Direct debit giving is a convenient way to give and is used by nearly a third of all donors. When you combine this with other statistics, such as 54% of donors worldwide prefer to give online with a credit or debit card and the oldest age group (65+) is the most likely to give via direct debit, it is easy to see why more and more charities are aiming to implement this donation option.
Enabling Direct Debit can be difficult for charities, as it involves investment, skills, and changes to infrastructure, but as the demand for online giving increases, it is becoming more and more necessary to offer it.(Discover Why Your Charity Needs to Encourage Direct Debit Giving).
To help you maximise your direct debit giving, here are 4 things that your charity must do when implementing it as an option.
1) Make sure it is visible and accessible through your website
Managing our finances online has become the norm, so more and more donors are willing to donate through paperless sign-ups on charity websites. To maximise your direct debit giving, make the donation option visible on every page, draw attention to it, and make sure that it is easy, quick and simple to use.
2) Offer the option to choose Gift Aid
Another way to maximise donations is to offer donors the option to Gift Aid their donations. A whopping 94% of people that sign up for Direct Debit giving choose Gift Aid so that’s an extra 25% gained each time by just making the option available.
3) Optimise your Direct Debit giving for mobiles
Although it is less common for donors to sign up via mobile than it is via desktops, this way of donating is increasing every year. The key to converting a potential donor into a long-term direct-debit-giving donor is to increase speed and ease of sign up on the move, so if you want to maximise your donations, make sure that your mobile platform is effective.

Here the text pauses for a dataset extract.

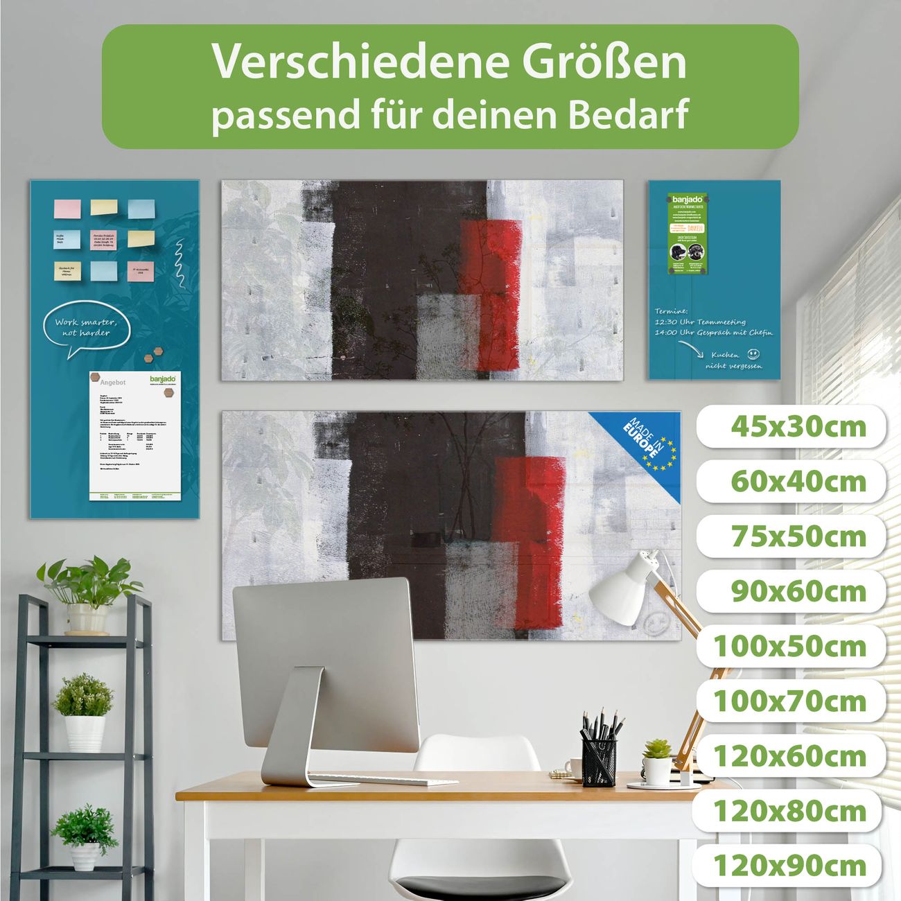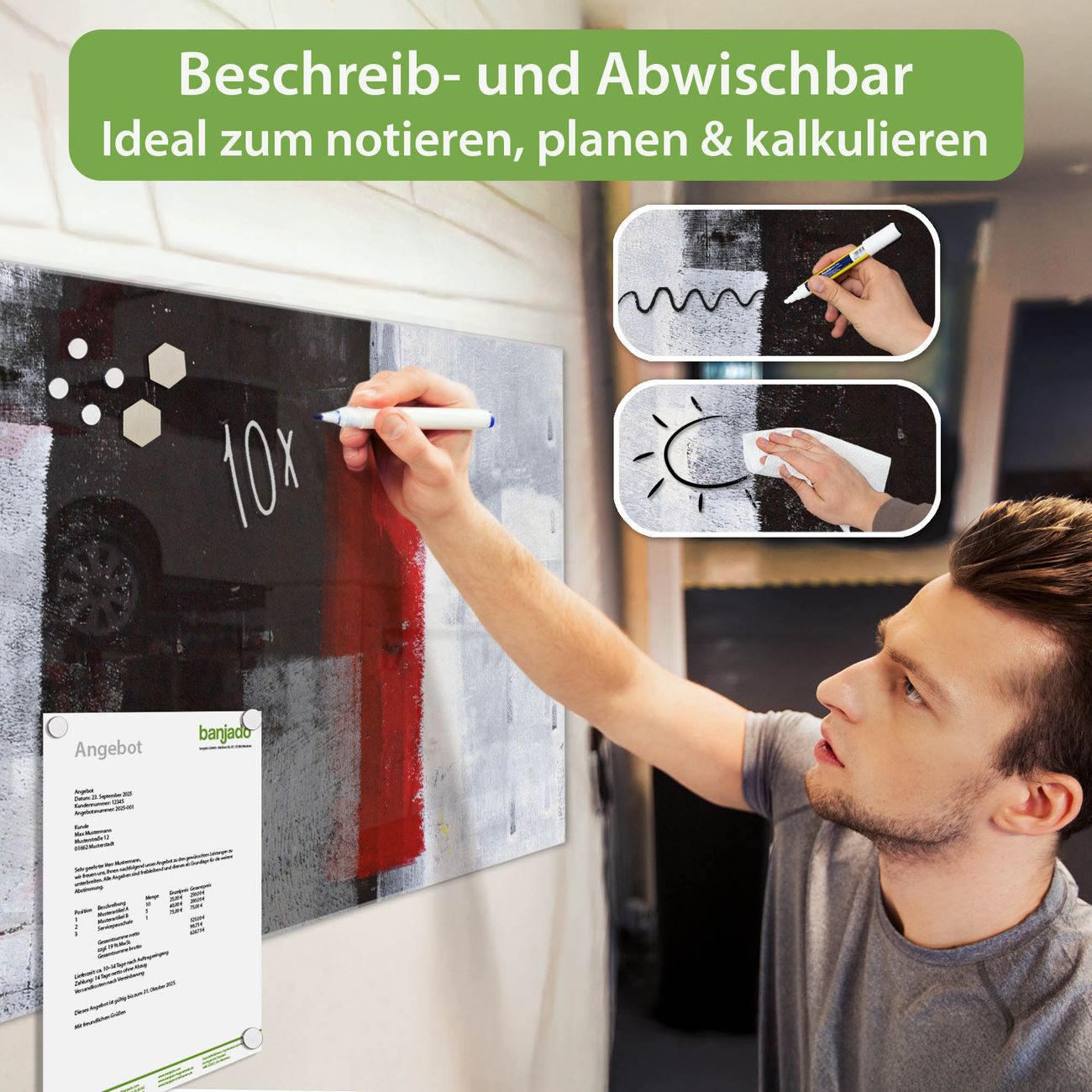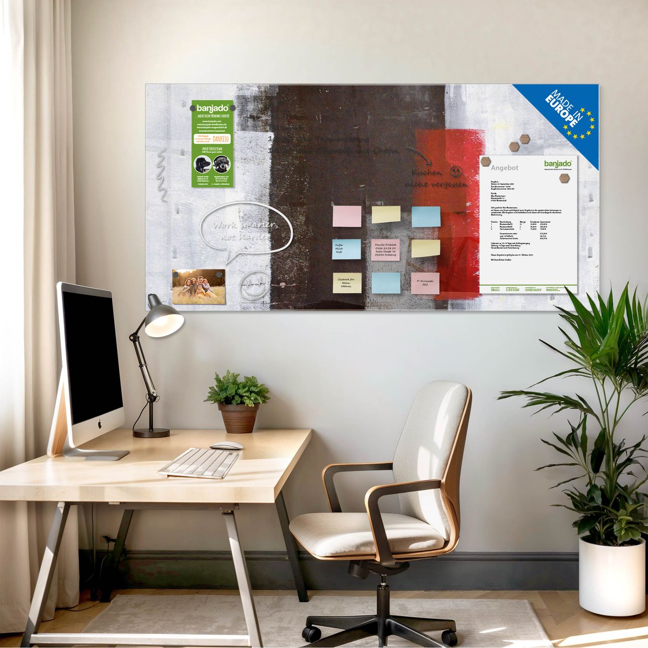 Jede Glas Magnettafel wird in unserer Werkstatt von Hand gefertigt und sorgfältig geprüft. So erhalten Sie ein echtes Qualitätsprodukt, das Funktion und Ästhetik perfekt vereint.?? Warum banjado?

4) Minimise cancellations by offering options
If you allow donors to be flexible with their Direct Debit donations, then the more likely you are to retain those donors for the long-term and avoid total cancellations.
It’s recommended that charities aim for a maximum 3% cancellation rate and the way to stay below this is to offer flexibility on payment dates, reduced donation amounts, and even payment holidays. If your cancellation rate exceeds this, review your operations and supporter care programmes and see what can be improved on.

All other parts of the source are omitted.